Куратор опять напрягся, что-то там делая, и я представил себе, что он привязан к стулу и пытается освободиться от стягивающих его веревок, хотя понимал, что идея эта бредовая.
– Если ты не приедешь сюда, я сделаю с Джейн Доу 329 то, что обещал сделать с тобой пятью годами раньше. Она, конечно, не доставит мне такого удовольствия, какое доставила бы ты, маленькая мышка. Она бледненькая и даже не поймет, насколько я хорош, когда воткну в нее сама знаешь что.
– Она ребенок.
– Но выглядит неплохо, они ее хорошо кормили, каждый день делали массаж, занимались с ней физическими упражнениями, так что мышечный тонус у нее в порядке.
– Я уже еду.
– Ради ее блага я на это надеюсь.
– Двадцать минут.
– Ты уверена, что успеешь? – засомневался он.
– Двадцать минут, – настаивала она.
– На двадцать первой ты уже опоздаешь.
Он оборвал связь. Я нажал красную клавишу на мобильнике Гвинет.
– Ты берешь мейс, – распорядилась она, – я – тазер.
– У них оружие.
– У нас наступательный порыв.
– Я видел, как застрелили моего отца.
– Надейся на толику удачи.
– Никакой удачи не существует.
– Точно, – кивнула она. – Не существует.
65
Мы встретились в водовороте жизни, который скорее раскидывает людей в разные стороны, чем соединяет, мы нашли друг в друге так много общего, что отринули сомнения и перебороли слабости, превратив их в решимость и силу, мы влюбились, прекрасно понимая, что не можем обладать друг другом, что любовь эта сердца с сердцем, разума с разумом, души с душой. Нам достался бесценный дар.

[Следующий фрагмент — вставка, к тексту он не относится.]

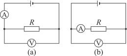 4、简答题 利用伏安法测电阻R的值,当按图(a)电流表外接时,电表读数分别为I1="2.1" A,U1="45.8" V;当按图(b)电流表内接时电表读数分别为I2="2" A,U2="50" V.求电阻R的实际阻值.(电源内阻很小,可忽略不计)
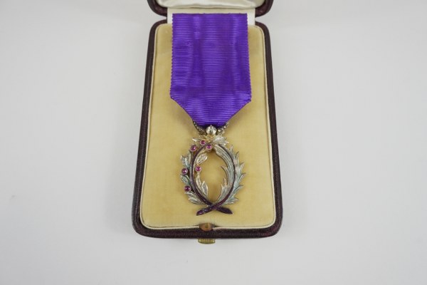 Lot de pièces en argent. Poids : 2613 gr. On y joint ; Médaille chevalier des palmes académiques en argent (800°°°) à décor de couronne de laurier et émaillée violette, sommée d'un brillant. Poids brut : 14.5 gr.

И хрупко выстроенная цепочка причин и следствий в красоте и утонченности превзо-шла самое изысканное яйцо Фаберже, а может, и целую сотню яиц.

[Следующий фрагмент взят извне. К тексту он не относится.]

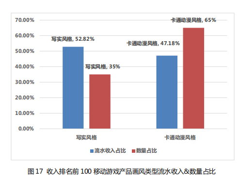 2020 年,在中国移动游戏收入排名前 100 的产品中,写实风 格的产品数量占比虽然略低,但是收入比例较高。

Чтобы сохранить эту любовь и получить годы для исследования малой толики ее дорог и святилищ, мы не имели права ни на одно неправильное решение, и нам оставалось только делать все правильно, причем быстро и эффективно.
Мы миновали снегоочистительную машину, похоже сломавшуюся. Маячок на крыше ярко горел, но не вращался, и полосы желтого света не сменялись тенями. Машина стояла с выключенными фарами, неработающим двигателем, открытой дверцей пустующей кабины. Снежинки таяли на еще теплом капоте. Светились только подфарники, и большую машину медленно заносило снегом.
Чуть позже в жилом районе меня удивили дома с освещенными окнами. Их хозяева явно не спали, подобно обитателям многих других домов. Писатель Ф. Скотт Фицджеральд сказал, что в темноте души всегда три часа ночи, и эти шестьдесят минут между тремя и четырьмя часами в буквальном смысле были самыми темными в городе. Но не в эту ночь.
На улице, обсаженной кленами с голыми ветвями, автомобили у тротуара и валы снега, появившиеся стараниями снегоочистительных машин, не позволяли припарковаться. Гвинет заглушила двигатель, поставила «Ровер» на ручник, и мы вышли из кабины напротив дома из желтого кирпича, оставив для проезда только одну дорожную полосу.
Калитка в железном заборе, ступени крыльца, дверь – каждый ориентир на последнем участке пути наполняла угроза, а ветер, бросавший в спину снегом, советовал как можно быстрее переступить порог, что бы нас за ним ни ожидало. Телфорд знал о нашем приезде. На скрытность рассчитывать не приходилось.
Прежде чем Гвинет нажала на кнопку звонка, я попытался ее остановить:
– Может, пора на этот раз, кем бы мы ни были, позвонить в полицию?
– Телфорду нечего терять. Если он увидит полицию, у него окончательно снесет крышу. Да и какие копы приедут на вызов? Ты можешь гарантировать, что кто-нибудь из них серьезно относится к принесенной клятве? И приедут ли они? Ответят на вызов в такую ночь? С этого момента мы одни, Аддисон, совершенно одни, ни на кого не можем рассчитывать. И через две минуты опоздаем.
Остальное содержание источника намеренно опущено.